Extracted entries:
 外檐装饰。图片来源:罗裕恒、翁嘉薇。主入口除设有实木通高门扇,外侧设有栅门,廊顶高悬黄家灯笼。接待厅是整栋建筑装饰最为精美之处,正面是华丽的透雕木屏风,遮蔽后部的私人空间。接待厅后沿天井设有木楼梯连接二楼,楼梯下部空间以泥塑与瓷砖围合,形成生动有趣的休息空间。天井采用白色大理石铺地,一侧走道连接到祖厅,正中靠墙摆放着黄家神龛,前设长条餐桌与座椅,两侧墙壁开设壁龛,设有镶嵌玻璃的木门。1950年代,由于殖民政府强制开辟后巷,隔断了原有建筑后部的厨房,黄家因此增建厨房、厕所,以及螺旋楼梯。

* * *

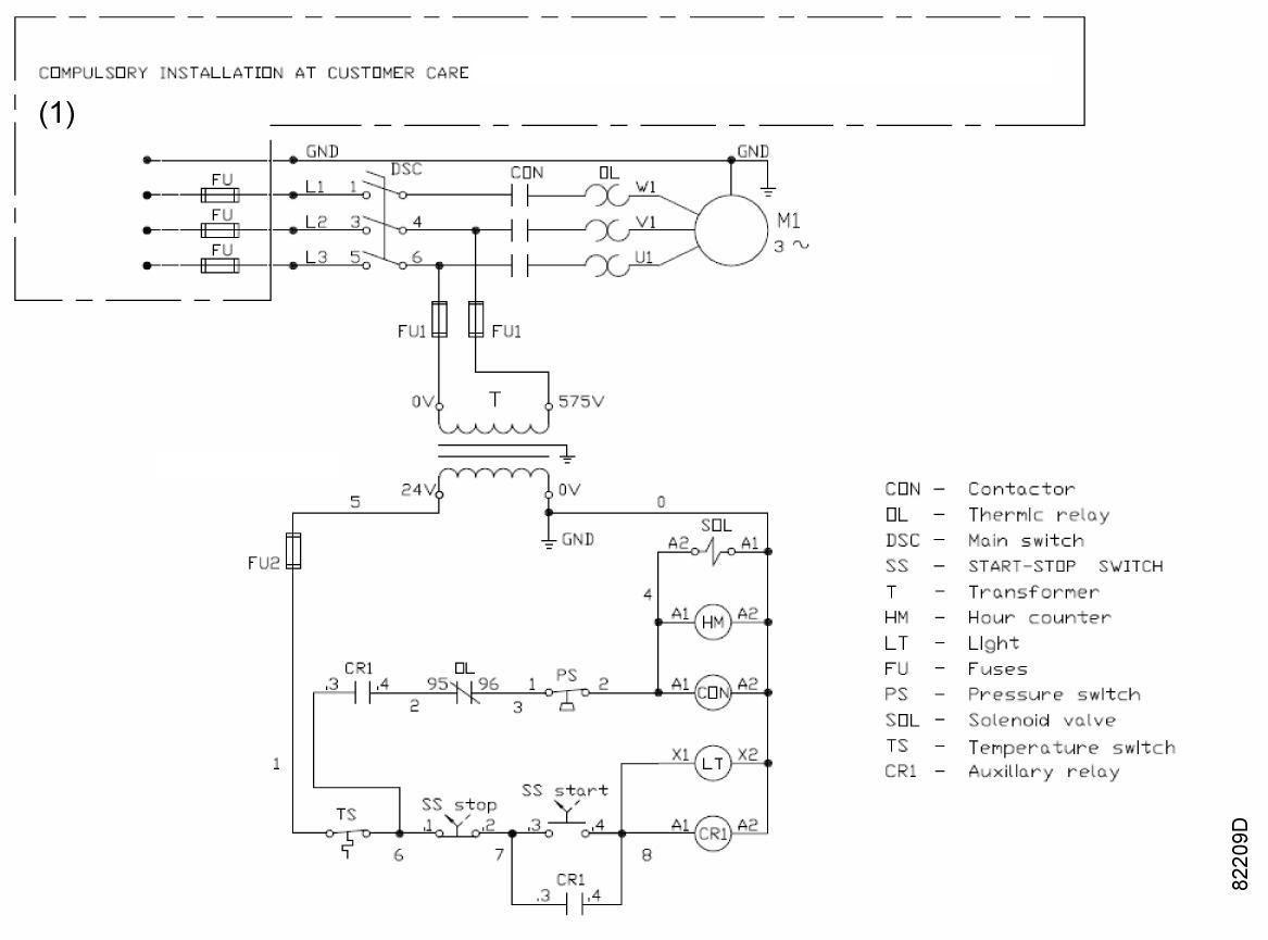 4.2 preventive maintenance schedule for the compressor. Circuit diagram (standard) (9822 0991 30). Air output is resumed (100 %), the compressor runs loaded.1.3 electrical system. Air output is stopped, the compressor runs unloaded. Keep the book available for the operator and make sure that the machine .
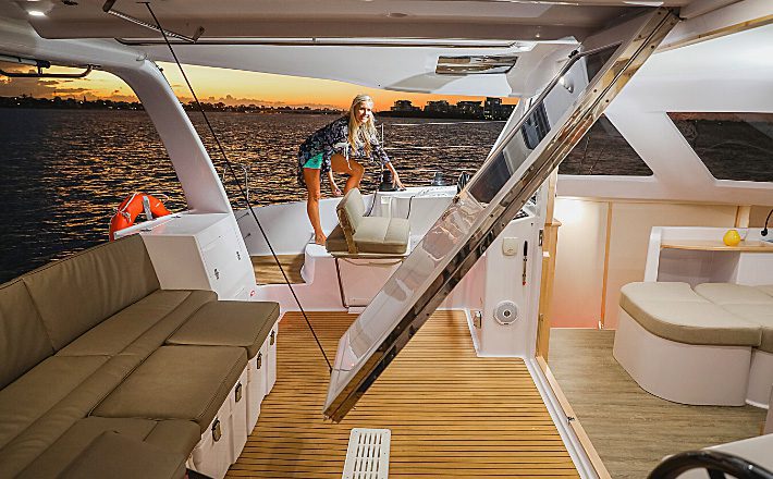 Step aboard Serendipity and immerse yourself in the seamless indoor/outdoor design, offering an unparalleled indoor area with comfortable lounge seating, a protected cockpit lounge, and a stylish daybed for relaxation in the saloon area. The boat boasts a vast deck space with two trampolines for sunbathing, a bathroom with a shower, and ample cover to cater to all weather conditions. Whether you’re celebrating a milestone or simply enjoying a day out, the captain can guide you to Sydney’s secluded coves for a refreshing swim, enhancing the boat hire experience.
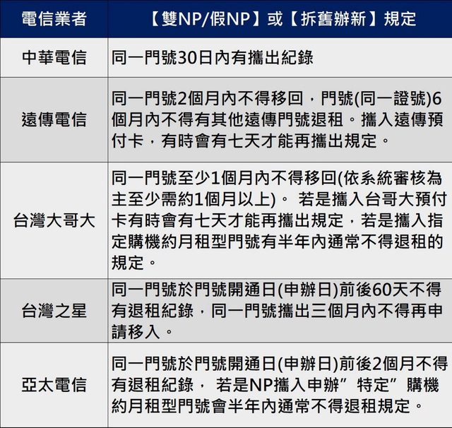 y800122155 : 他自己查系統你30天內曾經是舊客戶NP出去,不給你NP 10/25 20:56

--

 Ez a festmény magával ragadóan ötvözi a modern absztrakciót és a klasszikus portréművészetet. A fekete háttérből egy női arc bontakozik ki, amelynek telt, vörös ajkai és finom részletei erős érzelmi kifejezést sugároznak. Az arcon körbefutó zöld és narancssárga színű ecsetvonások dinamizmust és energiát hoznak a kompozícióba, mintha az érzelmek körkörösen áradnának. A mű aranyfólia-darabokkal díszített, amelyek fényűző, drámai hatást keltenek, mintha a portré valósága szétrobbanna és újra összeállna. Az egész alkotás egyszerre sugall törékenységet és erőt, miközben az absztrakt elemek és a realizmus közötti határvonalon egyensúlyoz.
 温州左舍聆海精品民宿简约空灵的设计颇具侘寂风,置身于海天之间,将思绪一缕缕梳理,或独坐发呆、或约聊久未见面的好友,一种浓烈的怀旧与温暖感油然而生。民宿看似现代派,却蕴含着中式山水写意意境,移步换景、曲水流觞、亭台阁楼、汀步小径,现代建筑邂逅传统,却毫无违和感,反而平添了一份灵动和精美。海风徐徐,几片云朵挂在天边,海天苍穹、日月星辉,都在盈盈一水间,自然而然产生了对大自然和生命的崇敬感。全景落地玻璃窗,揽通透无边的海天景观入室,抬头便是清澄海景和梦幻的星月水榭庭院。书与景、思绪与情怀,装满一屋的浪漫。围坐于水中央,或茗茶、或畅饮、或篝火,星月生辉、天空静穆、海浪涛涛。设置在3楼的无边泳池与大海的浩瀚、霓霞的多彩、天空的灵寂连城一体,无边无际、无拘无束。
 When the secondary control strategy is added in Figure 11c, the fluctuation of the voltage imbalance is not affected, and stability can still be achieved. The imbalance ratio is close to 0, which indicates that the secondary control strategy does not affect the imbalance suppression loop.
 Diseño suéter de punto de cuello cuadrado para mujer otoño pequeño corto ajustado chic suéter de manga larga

Task:
Reproduce, exactly and only, the lines of the records above starting at the line with "4.2 preventive maintenance" and ending at the line with "y800122155 : 他自己查系統你30天內曾經是舊客戶NP出去,不給你NP", both included. Leave every picture out.

Response box:
 4.2 preventive maintenance schedule for the compressor. Circuit diagram (standard) (9822 0991 30). Air output is resumed (100 %), the compressor runs loaded.1.3 electrical system. Air output is stopped, the compressor runs unloaded. Keep the book available for the operator and make sure that the machine .
 Step aboard Serendipity and immerse yourself in the seamless indoor/outdoor design, offering an unparalleled indoor area with comfortable lounge seating, a protected cockpit lounge, and a stylish daybed for relaxation in the saloon area. The boat boasts a vast deck space with two trampolines for sunbathing, a bathroom with a shower, and ample cover to cater to all weather conditions. Whether you’re celebrating a milestone or simply enjoying a day out, the captain can guide you to Sydney’s secluded coves for a refreshing swim, enhancing the boat hire experience.
 y800122155 : 他自己查系統你30天內曾經是舊客戶NP出去,不給你NP 10/25 20:56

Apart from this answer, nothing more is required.